# Garneau Carbon Bibs - gone through 3 pairs in 2 seasons - normal?



## FasterStronger (Jun 6, 2014)

Like the title says - I have gone through 3 pairs in 2 seasons.
A little more info:
I hand wash after every ride and let them drip dry.

1st issue was last year aprox 2 months after purchase - one of them came apart at the seam.
They were promptly replaced by garneau.
2nd issue - the replacement pair developed a run in the material - they are being replaced as well.
So those 2 have not even done a complete season.
The I noticed that my original pair has a run right where I sit - down to the chamois.

Anyone experience this?
is this considered normal wear and tear. I don't expect them to last forever - but would hope for more thanI have gotten out of them.
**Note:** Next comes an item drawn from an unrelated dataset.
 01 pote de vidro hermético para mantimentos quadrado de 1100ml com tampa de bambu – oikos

Other than that - I love the fit and feel - but the Chamois feels lacking in my original pair as well - maybe has weakened over time?


----------



## Jay Strongbow (May 8, 2010)

No, I wouldn't consider that normal wear and tear.
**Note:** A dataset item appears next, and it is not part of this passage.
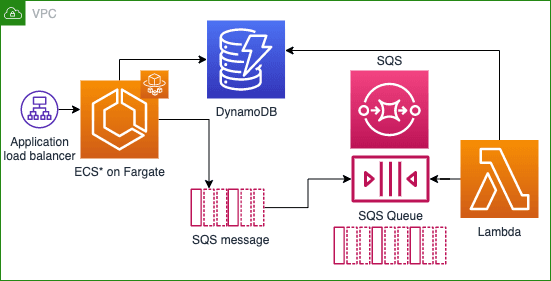In the first part of my project, I used CDK to create an ECS Fargate cluster, an API gateway to respond to requests, a Lambda to perform Strand logic and return outcomes, an SQS queue to respond to requests, and a DynamoDB instance to store results.

What's been normal wear and tear in my experience is after 3500 miles or so (guessing but around that) they just kind of lose it. Not ripped or any visible problems, just that the spendex kind of loses it's stretch/compression power and things get sloppy and they get uncomfortable.


----------



## FasterStronger (Jun 6, 2014)

Thanks for the feedback Jay. Seemed premature to me - time to hop around for another brand.
On another note - I bought a pair of Biemme bibs @ the GFNY and love the feel and fit.


----------



## skinewmexico (Apr 19, 2010)

I thought the chamois (airgel) in all of my LG bibs felt like it was going south, so I called LG to ask if I had washed them wrong. LG said send them in for inspection, and they replaced all 4 pair. Not really an answer, but I think I could tell mine were going away. Still surprised they warranteed them.


----------